Griffin Jones: Today on Inside Reproductive Health, I am joined by someone who used to be the REI Division Education Director for OB-GYN residency programs at Illinois Masonic Medical Center, Lutheran General Hospital and St Joseph’s Hospital in Chicago. But, you likely know her better as the CEO and Medical Director of Vios Fertility Institute. She is also the chairperson of the Midwest Reproductive Symposium International, as the Founder of MRSi and of Vios, one of the largest, fastest growing independent fertility centers in America, I wanted to have Dr. Angeline Beltsos on to the show. Dr. Beltsos, Angie, welcome to Inside Reproductive Health.

Dr. Angeline Beltsos: Thanks for having me, I am so excited to be here!

GJ: I am thrilled to have you on this show because you are really creating something really different and I look to you as an example in the field very often. I want to talk about the trajectory of Vios Fertility because I look at you and I look at a few others and I think about all this talk about what is happening to the independent fertility center. Can they still grow their own vision? Can they still grow, period? With all of the consolidation with large fertility networks forming in the country and you’ve totally gone the other way in the last four years and proven that it’s possible. So I wanted to just talk a little bit about what you owe that trajectory to.

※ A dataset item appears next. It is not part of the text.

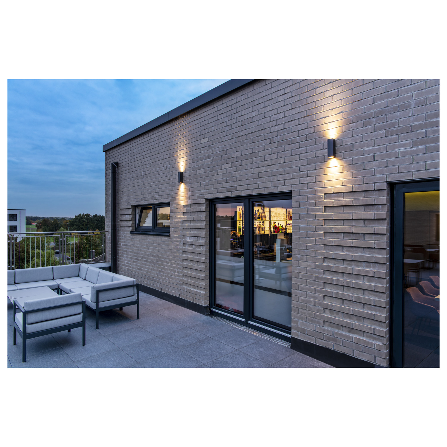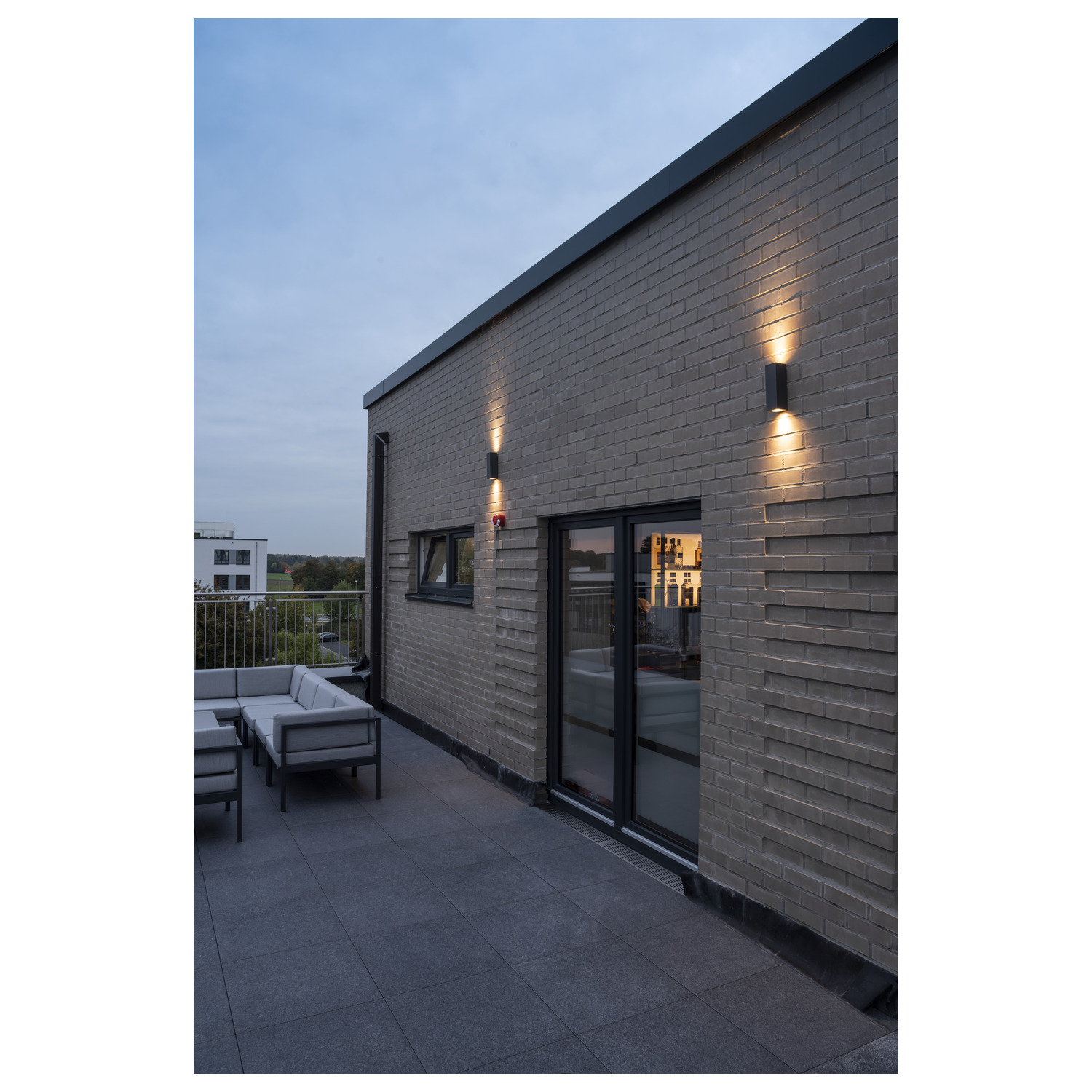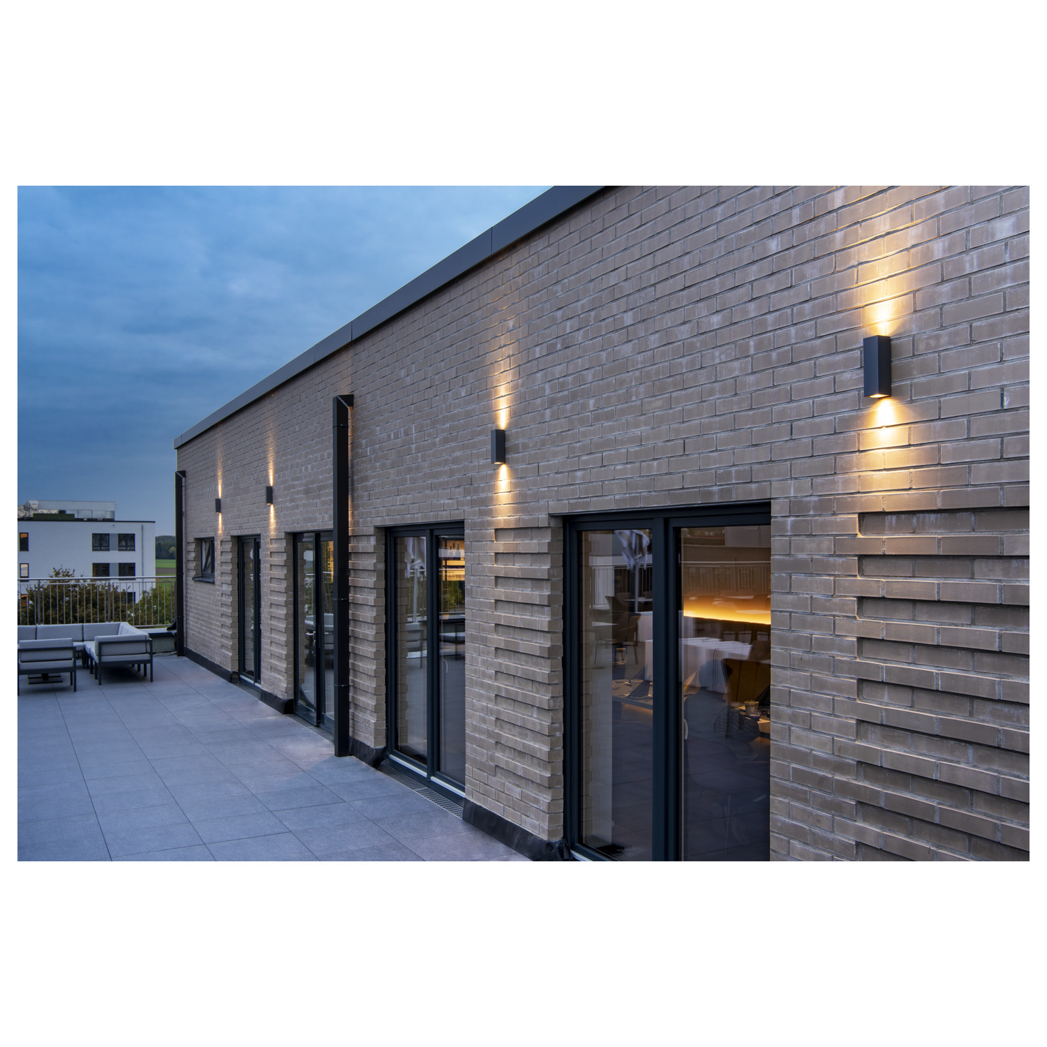 Wandleuchte der THEO Serie gefertigt aus Aluminium und Glas welches die Leuchtmittel abdeckt. Dank der Position der zwei verbauten Fassungen, erzeugt die montierte Leuchte zwei gleiche, jedoch entgegengesetzte Lichtkegel (UP/DOWN). Durch die Schutzart IP44 ist sie für den Außenbereich geeignet. Der elektrische Anschluss der in drei Farbversionen verfügbaren Leuchte erfolgt an 230V Netzspannung. Die THEO Serie beinhaltet des Weiteren Deckenleuchten und ist somit universell einsetzbar.

AB: Well, thank you for that lovely introduction. I am so excited to, and actually very honored, to be invited to speak with one of our thought leaders in the field, Griffin Jones. When you look at your life’s opportunities, life is for living. Whatever you dream about, wherever you really want to be, where you want to land: what the heck, take the chance and go for it. Life sometimes offers you some obstacles and you may feel like that dream is so unattainable, but you’re going to miss 100% of the shots you never take. Life is now, so enjoy your life. Dream what you want to be. That’s what we did with Vios. We had learned a lot, I was very blessed and honored to be a leader of past organizations. That gave me ‘baptism with fire’ *laughs* and an MBA by virtue of experience. Leading an organization, the financials, the marketing - with that exposure, I started Vios Fertility. It’s been nothing but crazy fun!

GJ: So when you’re talking about dreaming, I sometimes called that the role of a visionary. Some of the criticisms I have from a lot of practices now is that the way my company is built - the way a lot of companies are built - is that there is a visionary at the top. In bigger companies, there is an integrator - somebody who helps with operations - and then there are different people that own different seats. One of the biggest problems that I talk a lot on the show about, is that in the independent practice structure, you have the person that is supposed to be the visionary of the company - but they are in every other seat in the practice. I can’t tell you how many clients that we work with that still write me paper checks because they do not have somebody else doing that part of the business. They are the ones tracking down the Facebook, who has manager permissions because they don’t have somebody in that seat. It takes so much to be in this seat, no matter what the business is, and then you’re going to do 200, 250, 150, 300 retrievals, or whatever that number is, and see however many patients in the year, it’s daunting. I think you are one of the few people that really has this seat of ‘I’m the visionary’ but I also have to be a doctor - how do you balance those two?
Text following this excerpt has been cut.